Closed sinewy333 closed 4 years ago
Hi, I am not sure what you changed in order to run the code in tensorflow, since it is originally written for theano. But as far as I can see from the information you mentioned, there are at least two problems:
is the data used for training is "depth_1" in NYU dataset. ? or "synthdepth"?when I used the "depth_1",I found that the code didn't detect the position of the hand very well.when I used the "synthdepth",the code detected the position of the hand well.Thank you very much.

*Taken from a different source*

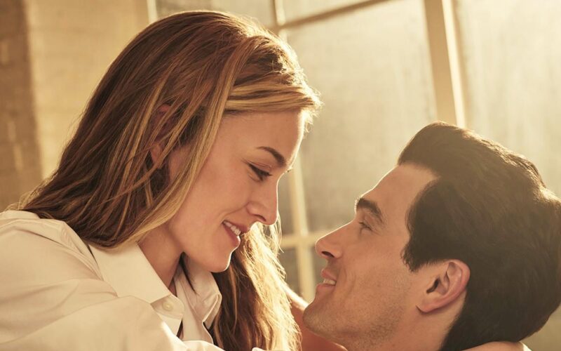 Paul Anthony Kelly as John F. Kennedy Jr. and Sarah Pidgeon as Carolyn Bessette holding hands.

Yes, that is correct. The data used for training is the "depth". The " synthdepth" is simply a rendering of a 3d hand model. Thus it does not work well for real camera data.
The code of hand detector is based on gtorig [13]?which is from the data of label.But there is no such data in practice.How do we cut out the pictures with only hands?Thank you very much.
If I understand your question correctly, we use gtorig[13] for training the localizer. During testing, we first use the center of mass for hand detection and the trained localizer for refining this location.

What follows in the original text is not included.